Una freccia. Kopecky passa al doppio della velocità Elisa e tutto sommato questa netta differenza riduce il dispiacere. Probabilmente anche se le avesse dato un cambio, il risultato non sarebbe cambiato.

Uno scatto secco a 550 metri dal traguardo e Kopecky mette a segno il bis a Siena. Qui aveva vinto già nel 2022
Uno scatto secco a 550 metri dal traguardo e Kopecky mette a segno il bis a Siena

Tre verdetti

Mentre arrivano le ragazze su Siena torna a scendere la pioggia.
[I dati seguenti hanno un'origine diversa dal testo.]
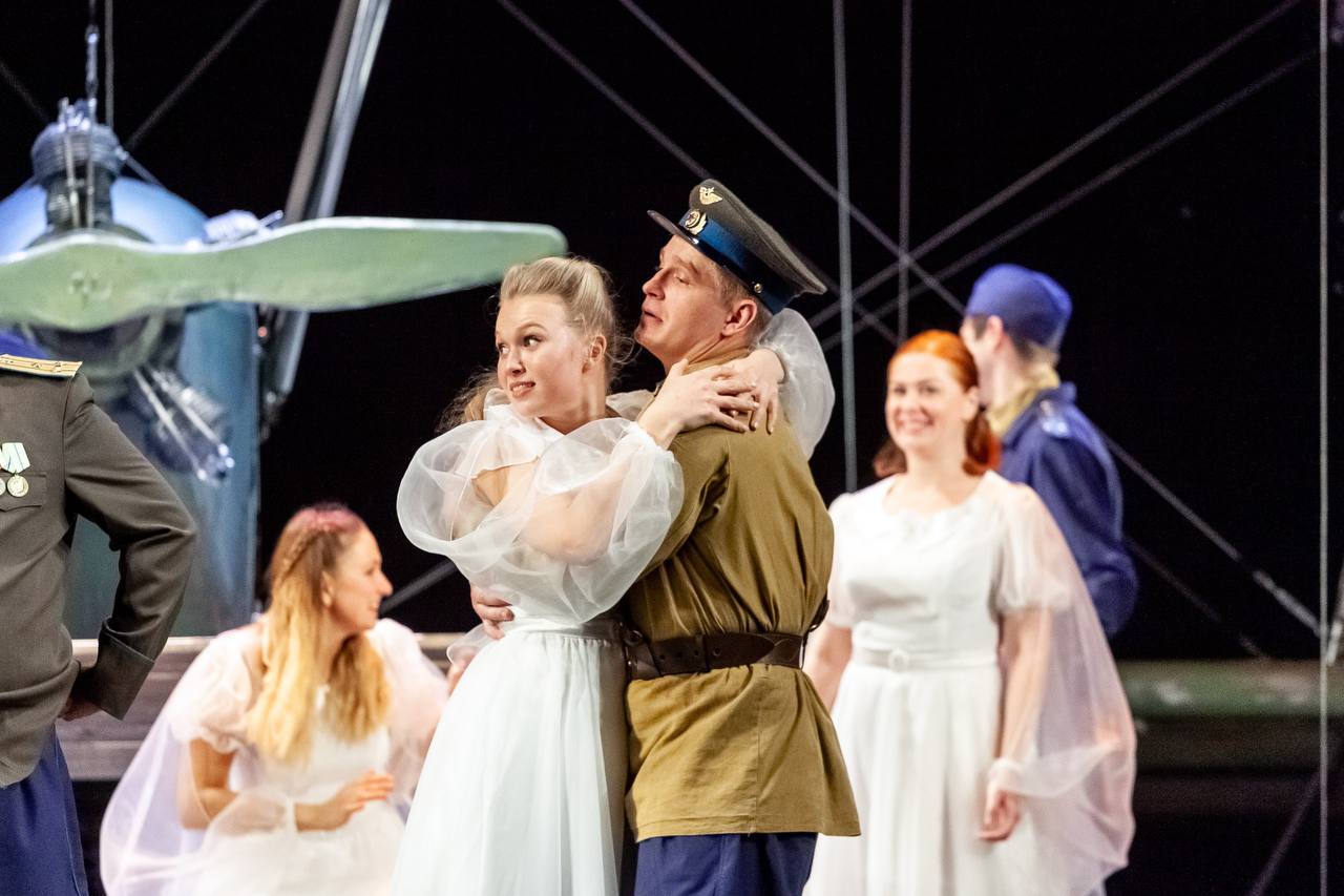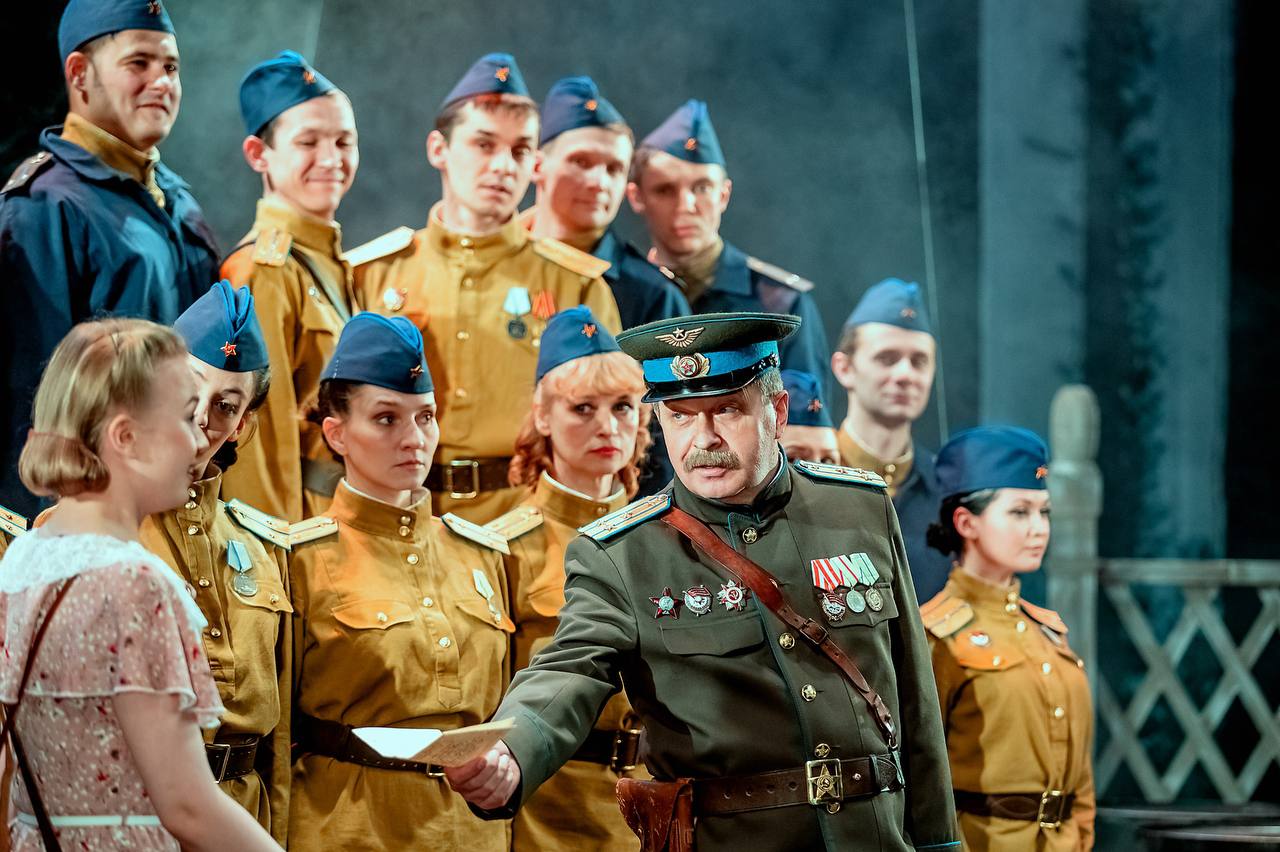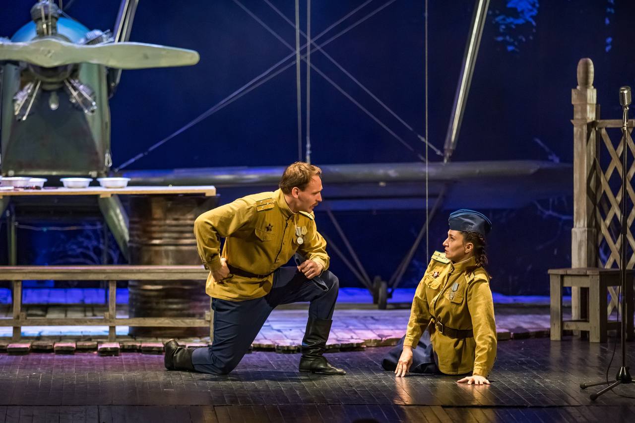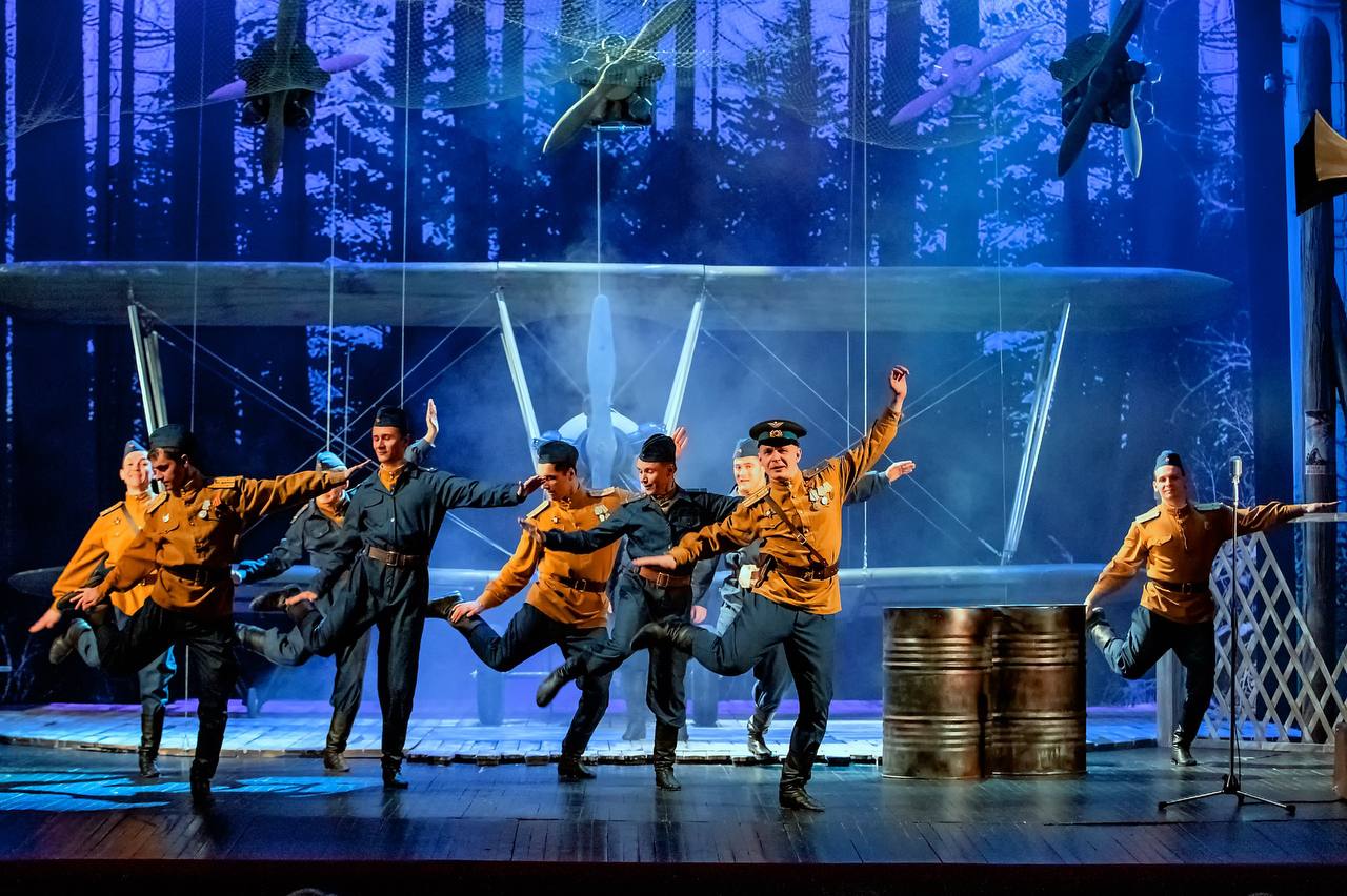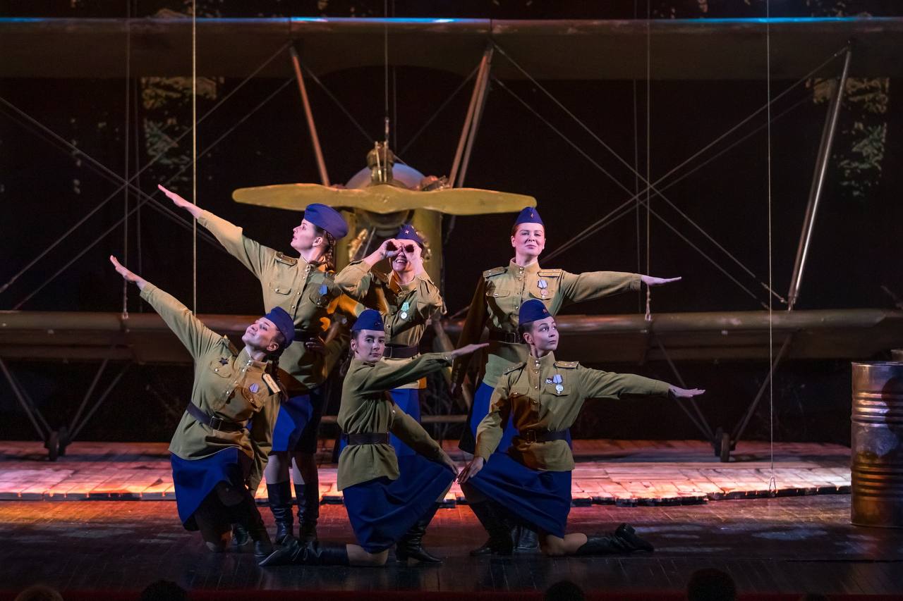 Три боевых летчика дают друг другу клятву — не влюбляться до конца войны. Но прекрасные глаза офицеров из женской летной эскадрильи — оружие, пострашней вражеских снарядов. И сердца бравых друзей постепенно сдают свои позиции. Самые лучшие человеческие чувства и качества — беззаветная любовь к Родине, мужество, отвага, бесстрашие и удивительное чувство юмора, заряд радости и позитива — на сцене театра Чехова подарят незабываемые эмоции и отличное настроение.
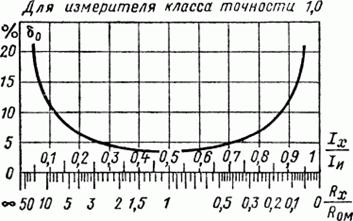 Iх/Iи = Rом / (Rом + Rх) = 1 / (1+ Rх/Rом) (5)
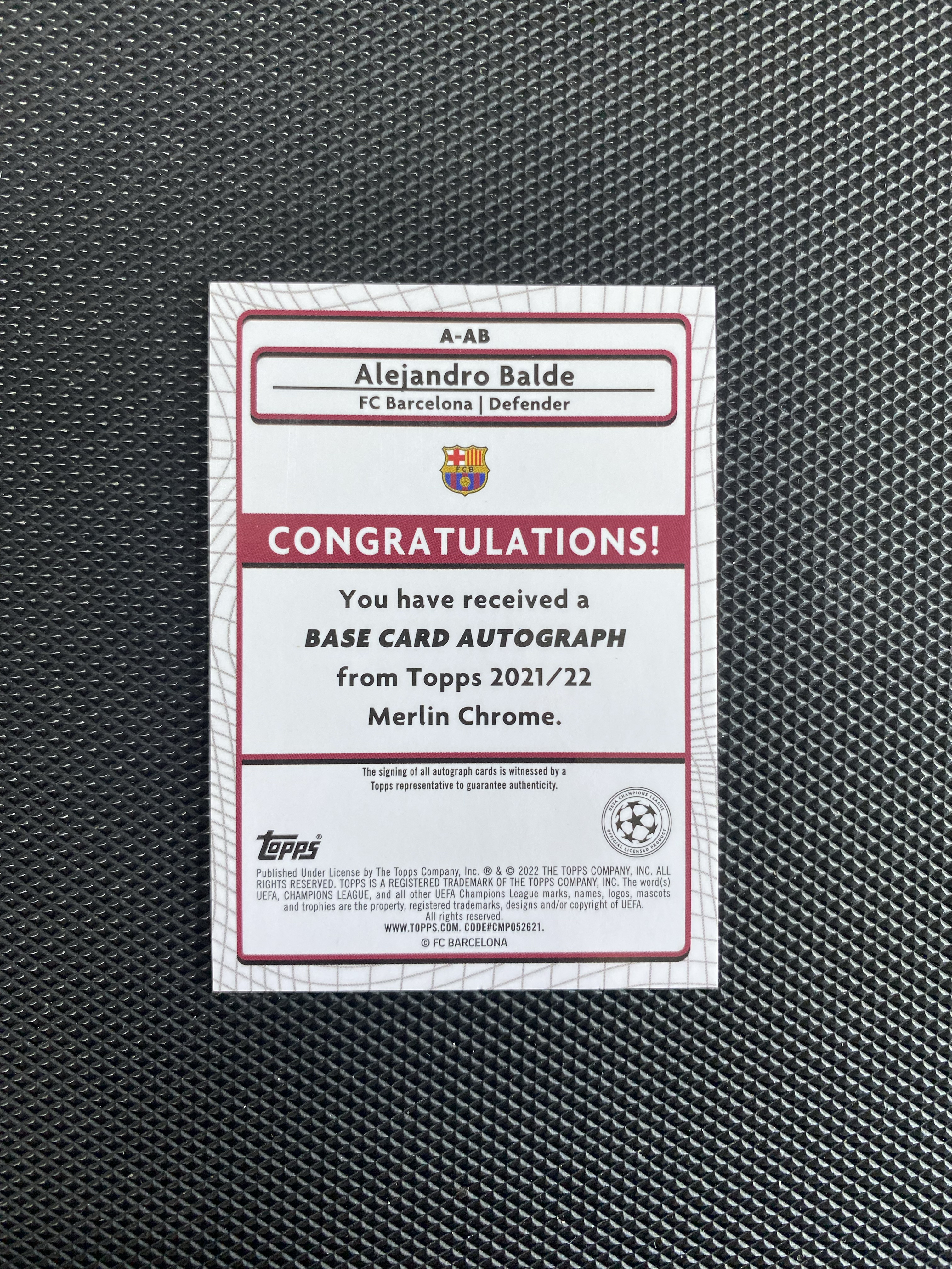 【深情拍卖】2022 Topps Merlin 梅林 欧冠 Alejandro Balde 西班牙 巴萨 新秀RC 巴尔德 签字 银折 卡品如图 #js277#
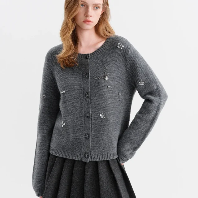 This vintage-inspired wool knit cardigan is designed for women who love soft textures, refined details, and effortless winter style. Made from 100% pure sheep wool, it delivers natural warmth and breathability while remaining comfortable for everyday wear. The delicate beaded embellishments add a subtle sparkle that elevates your look without being overpowering. With its clean round neckline and single-breasted front, this sweater balances classic charm with modern simplicity.
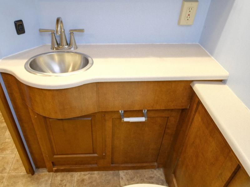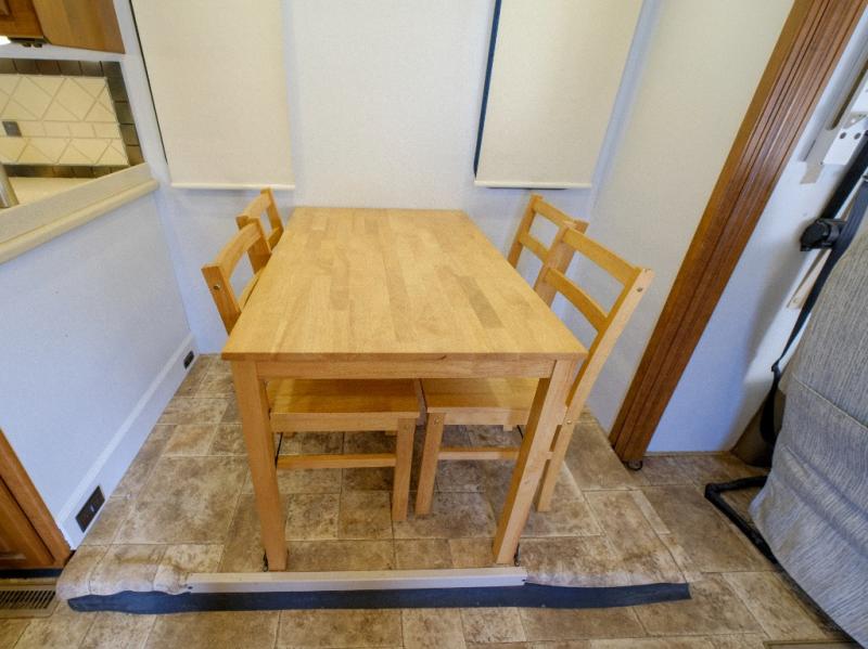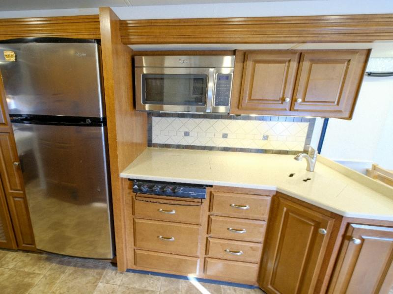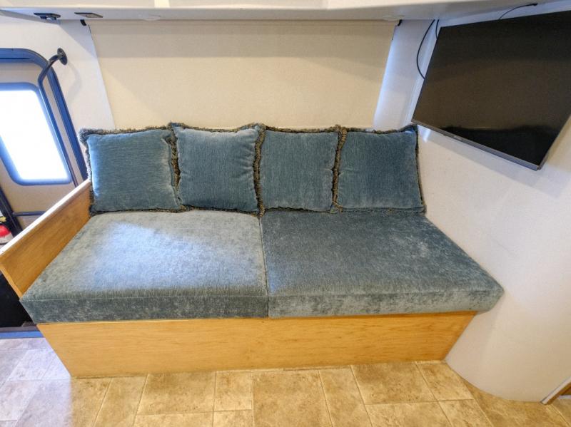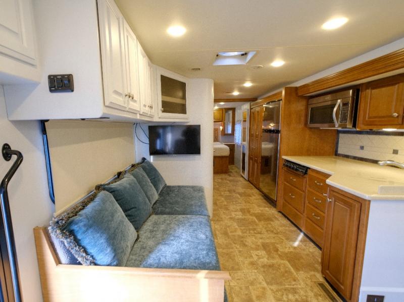 Along the road side, a generous slide out houses a dream dinette booth with a 32" TV mounted above it. There is also an angled double bowl sink, three burner range, overhead cabinets, a refrigerator and pantry.
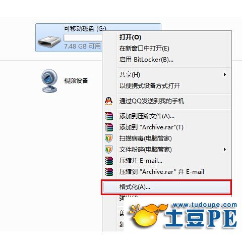 把U盘格式化成NTFS格式即可,因为新U盘一般都是FAT32文件系统,而FAT32无法存储单个大于4G以上的文件。进入WIN7系统桌面,双击“我的电脑”,右键打开U盘装系统盘的属性,如下图:
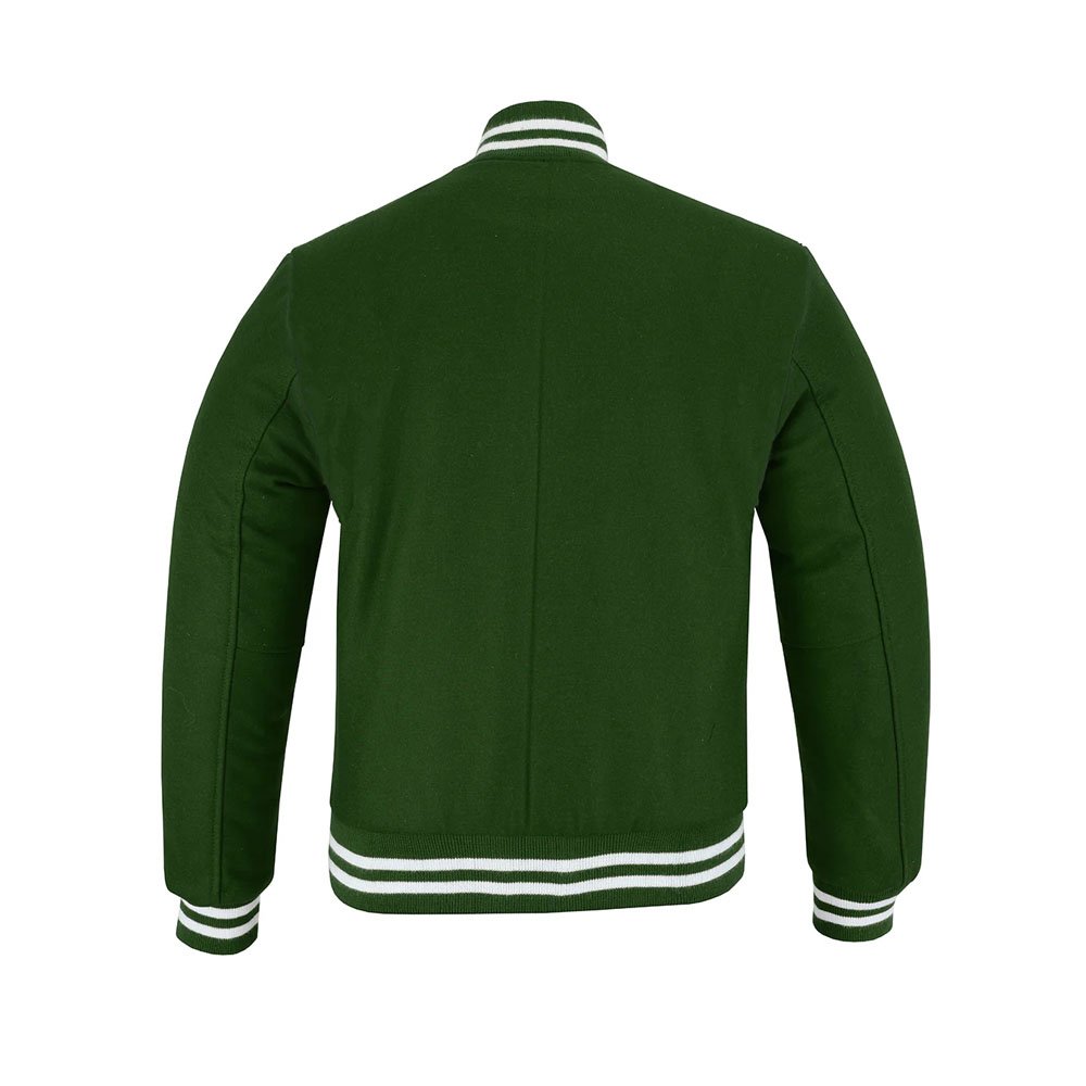 The Forest Green Varsity Letterman Jacket is a timeless outerwear piece inspired by classic athletic style. Featuring a deep forest green body with crisp white trim, it delivers a refined yet bold look that never goes out of fashion. The traditional varsity silhouette, complete with ribbed collar, cuffs, and hem, ensures a comfortable fit while maintaining the authentic letterman design.

Come se non bastasse a complicare le cose di una gara tanto bella, quanto complessa anche nella sua logistica.

Ma a parte questo, la Strade Bianche Women ci ha detto tre cose a nostro avviso inequivocabili.

La prima: Lotte Kopecky è forte, ma non è quella dominatrice mostruosa che ci si aspettava o che abbiamo visto lo scorso anno al mondiale, al Tour e in tante classiche. Perché? Molto probabilmente perché è dimagrita e in salita va più forte, ma inevitabilmente ha perso qualcosa nella sparata. Chiaramente è un’ipotesi, anzi una “vox populi” da circus WorldTour. Ma è un fatto che Lotte sia più scavata in volto.

Seconda. Il livello medio si è alzato e di tanto. Forse è la prima volta che vediamo una corsa femminile tanto dura e tanto combattuta. Erano in molte nel finale, gli ultimi 20-25 chilometri, a giocarsela.

Le classiche voci che “il ciclismo femminile sia in crescita” , oggi hanno trovato una risposta anche sul campo. Una risposta tecnica. Distacchi più piccoli e bagarre: bene così.

Terza. Alla fine c’è sempre lei a tenere alti i colori dell’Italia: Elisa Longo Borghini non manca mai all’appello. Cambiano i percorsi ma la campionessa italiana c’è sempre.

E questo è possibile grazie a grinta, serietà e tanto, tanto lavoro specie dopo una stagione tanto tribolata come quella passata. Lei stessa ha parlato di un grande lavoro di endurance per recuperare le mancanze dell’anno scorso.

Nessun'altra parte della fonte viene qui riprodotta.